**TASK TO COMPLETE:** Each line of the data must be given back verbatim, with pictures removed.

*** Begin section ***

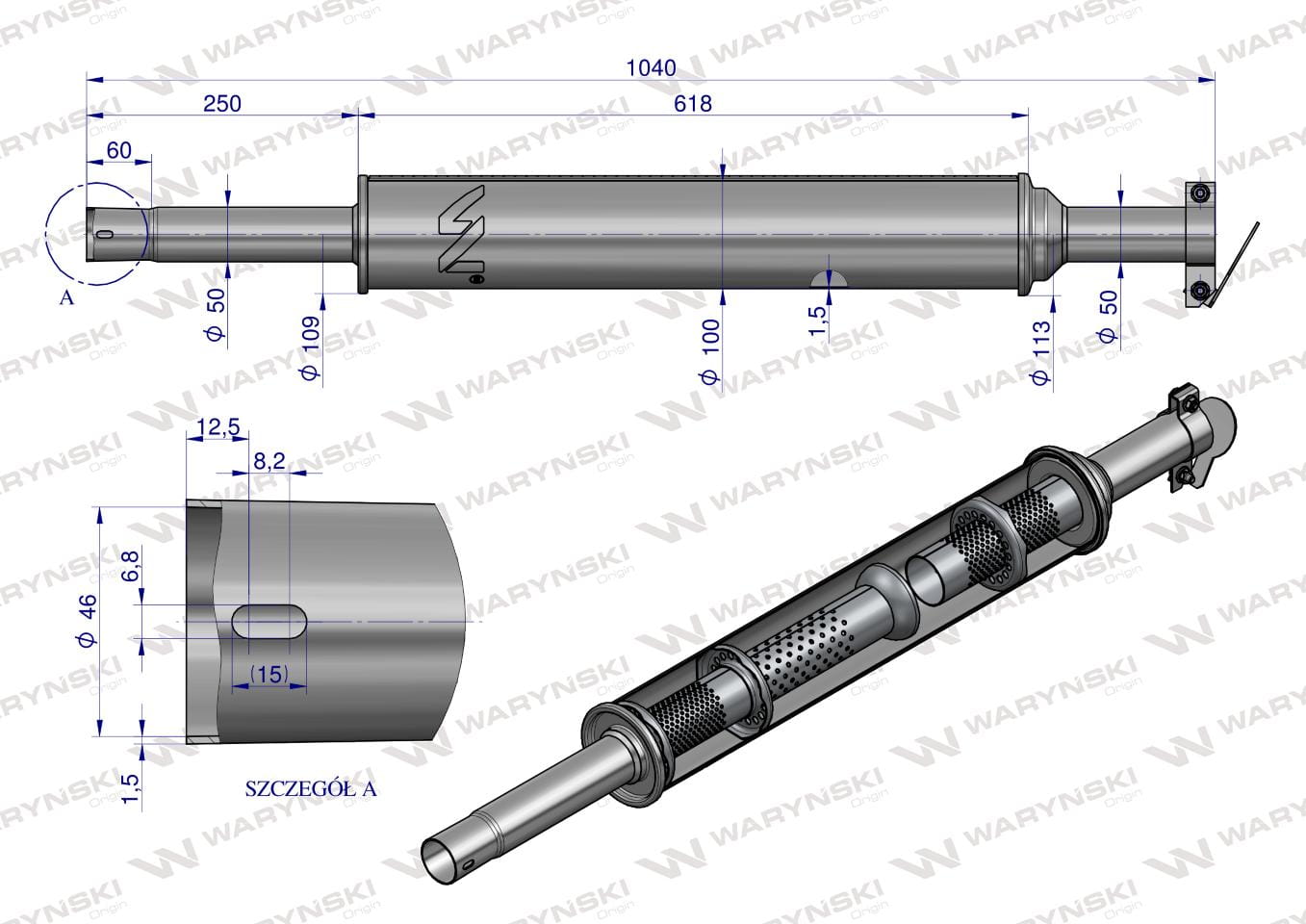 Tłumik okrągły 1040 mm 5kg C-360 (prosty) INOX WARYŃSKI
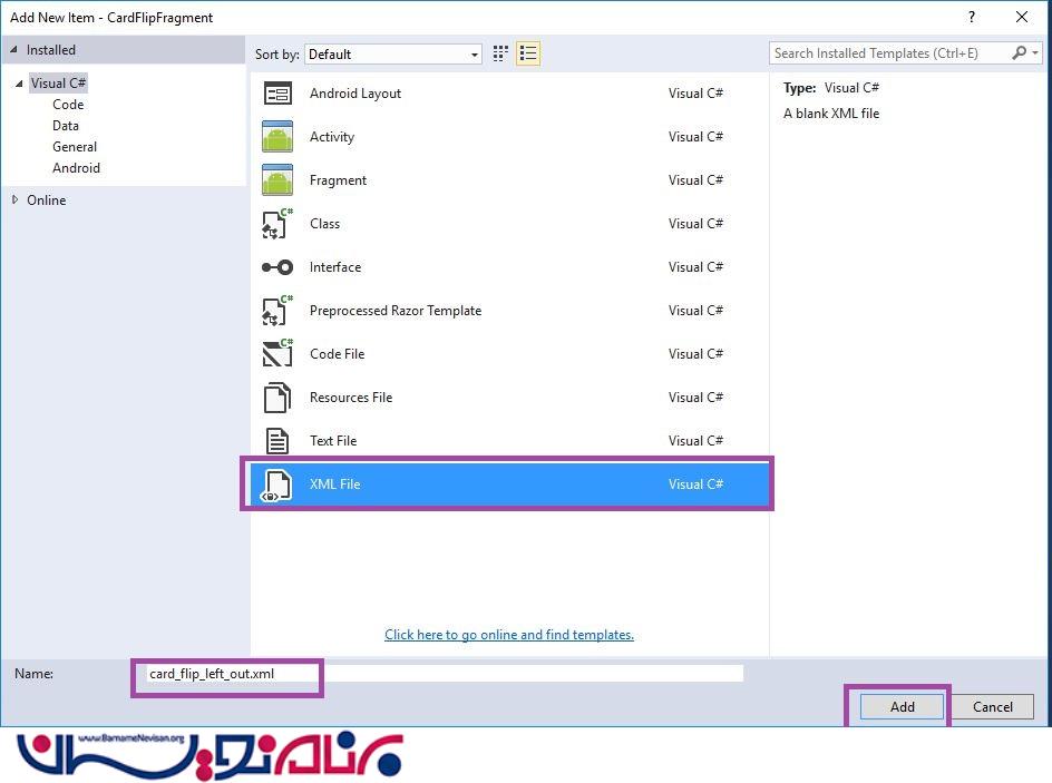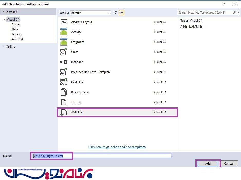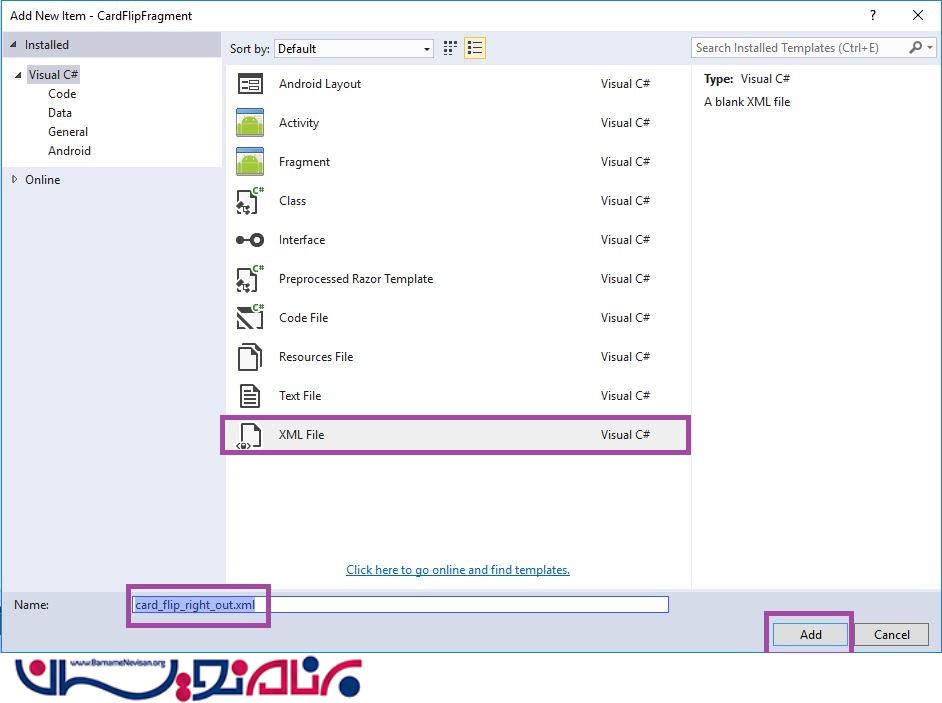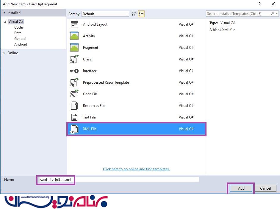 مرحله 4 - در اینجا ما چهار انیمیشن ایجاد خواهیم کرد. به مسیر Solution Explorer-> Project Name-> Resources-> Anim بروید، کلیک راست کرده و گزینه ی Add->New Item را بزنید. در پنجره جدیدی که باز می شود، XML را انتخاب کرده و نام آن را Card_flip_left_in.xml بگذارید. به همین روش، ard_flip_left_out.xml, Card_flip_right_in.xml و Card_flip_right_out.xml را نیز ایجاد کنید.
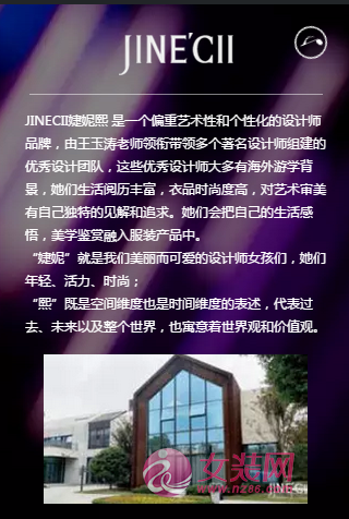 “JINECII婕妮熙”是浙江中创时装有限公司旗下核心品牌。
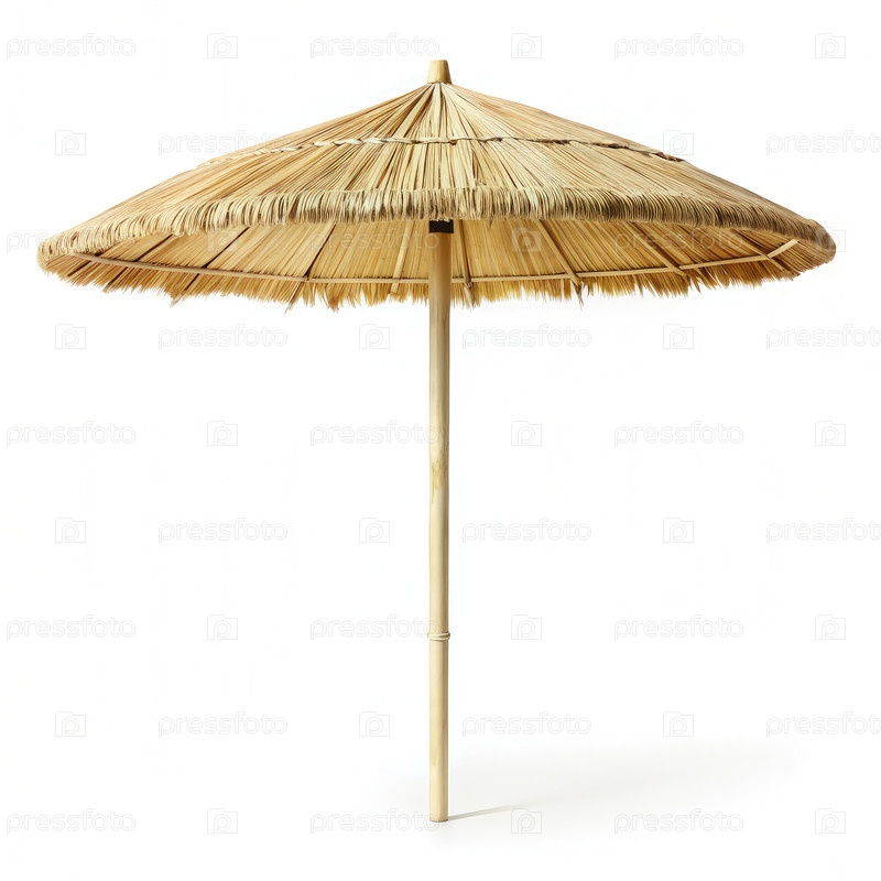 Изолированный зонтик соломенного пляжа для защиты от солнца летом. генеративная ИИ
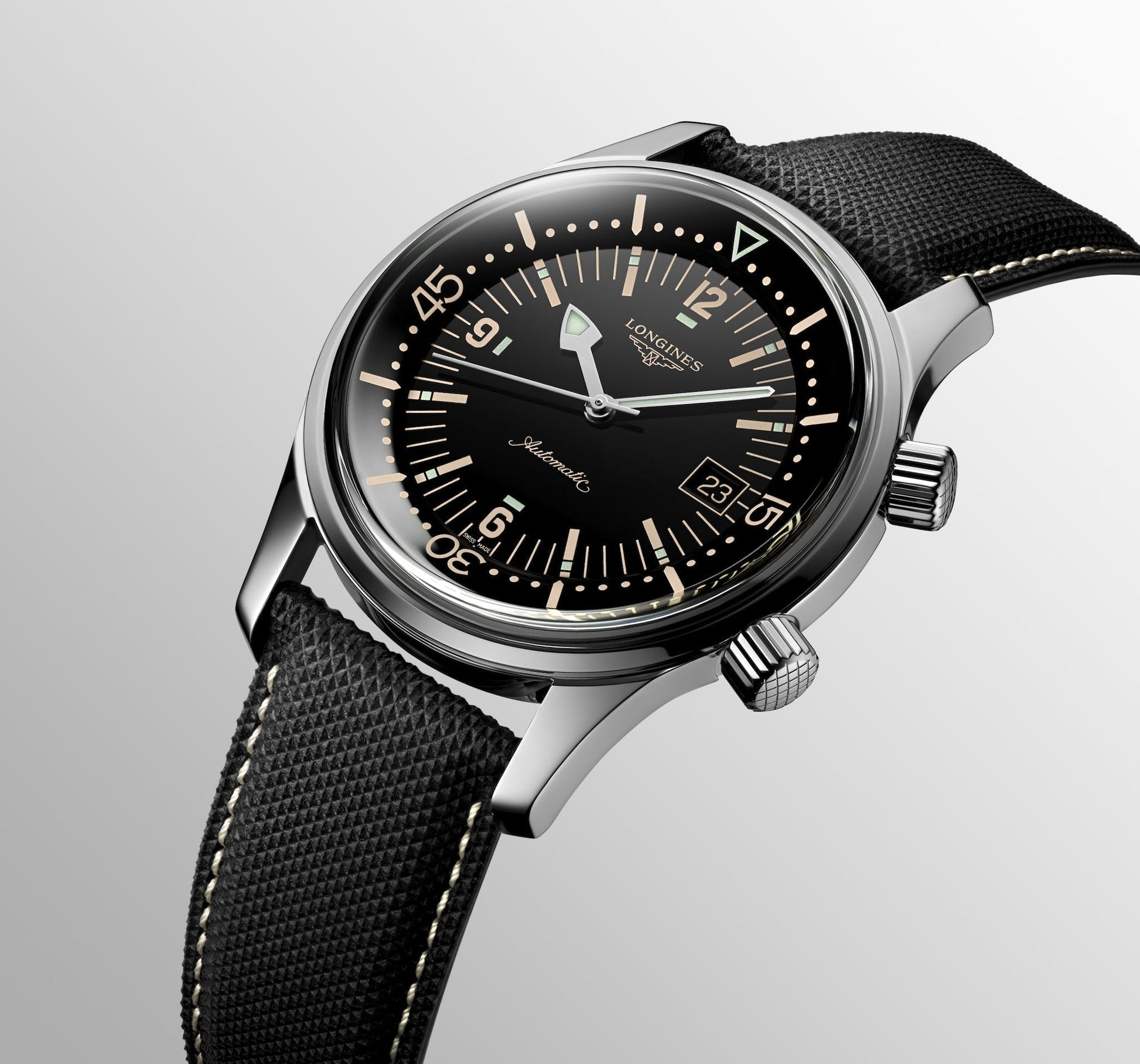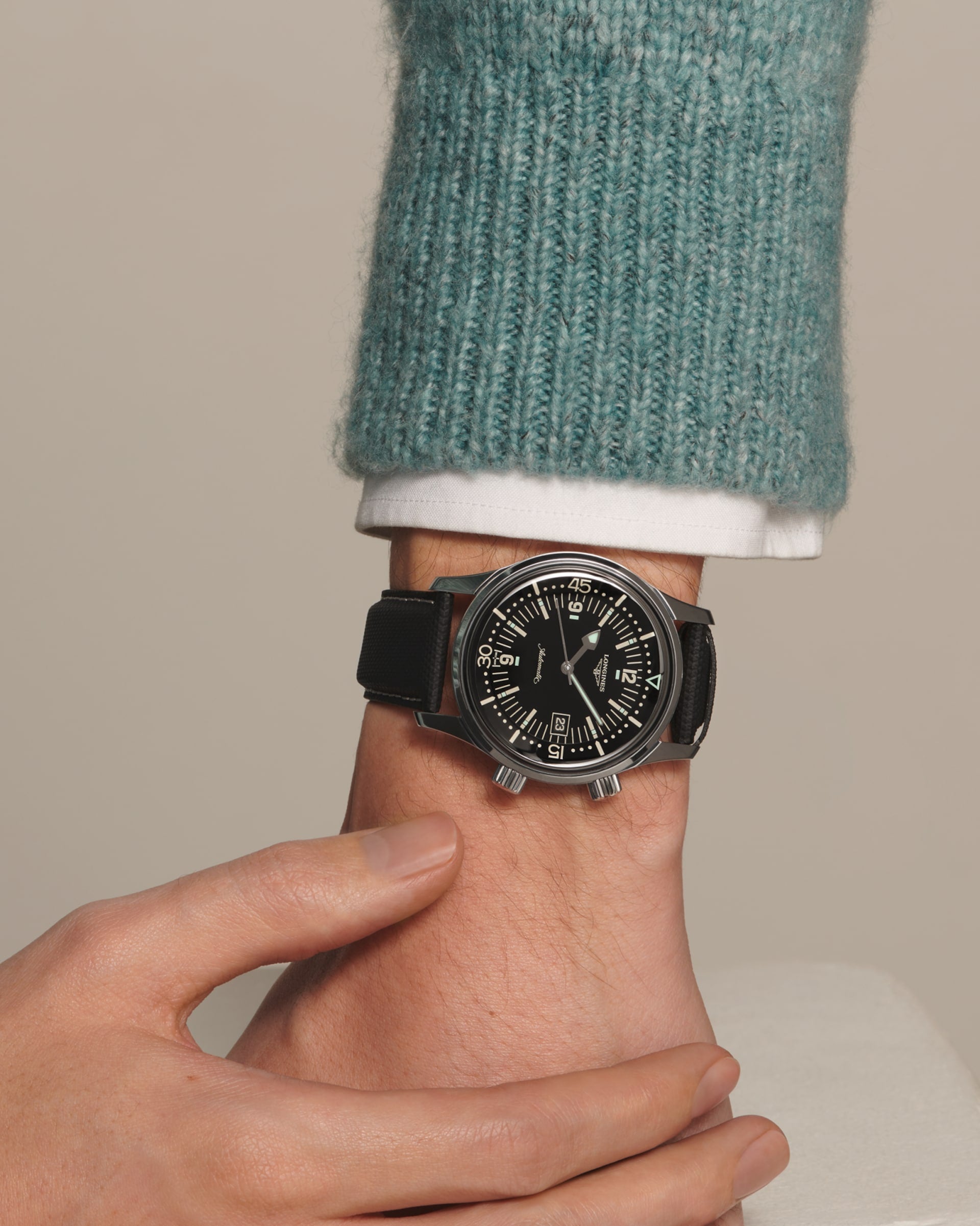Date, Self-winding mechanical movement beating at 25'200 vibrations per hour, with a power reserve up to 72 hours. Internal turning diving flange Screw-in crown, Water-resistant to 30 bar, Scratch-resistant sapphire crystal, with several layers of anti-reflective coating on the underside. Black lacquered polished dial, Swiss Super-LumiNova®. Leather strap bracelet, With buckle.
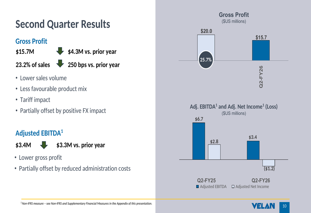 O EBITDA ajustado diminuiu para US$ 3,4 milhões, comparado a US$ 6,7 milhões no 2º tri-FY25, enquanto a empresa registrou um prejuízo líquido ajustado de US$ 1,2 milhão, em comparação com um lucro de US$ 2,8 milhões no mesmo período do ano anterior.

*** End section ***

**ANSWER FOR THIS EXERCISE:**
 Tłumik okrągły 1040 mm 5kg C-360 (prosty) INOX WARYŃSKI
 مرحله 4 - در اینجا ما چهار انیمیشن ایجاد خواهیم کرد. به مسیر Solution Explorer-> Project Name-> Resources-> Anim بروید، کلیک راست کرده و گزینه ی Add->New Item را بزنید. در پنجره جدیدی که باز می شود، XML را انتخاب کرده و نام آن را Card_flip_left_in.xml بگذارید. به همین روش، ard_flip_left_out.xml, Card_flip_right_in.xml و Card_flip_right_out.xml را نیز ایجاد کنید.
 “JINECII婕妮熙”是浙江中创时装有限公司旗下核心品牌。
 Изолированный зонтик соломенного пляжа для защиты от солнца летом. генеративная ИИ
Date, Self-winding mechanical movement beating at 25'200 vibrations per hour, with a power reserve up to 72 hours. Internal turning diving flange Screw-in crown, Water-resistant to 30 bar, Scratch-resistant sapphire crystal, with several layers of anti-reflective coating on the underside. Black lacquered polished dial, Swiss Super-LumiNova®. Leather strap bracelet, With buckle.
 O EBITDA ajustado diminuiu para US$ 3,4 milhões, comparado a US$ 6,7 milhões no 2º tri-FY25, enquanto a empresa registrou um prejuízo líquido ajustado de US$ 1,2 milhão, em comparação com um lucro de US$ 2,8 milhões no mesmo período do ano anterior.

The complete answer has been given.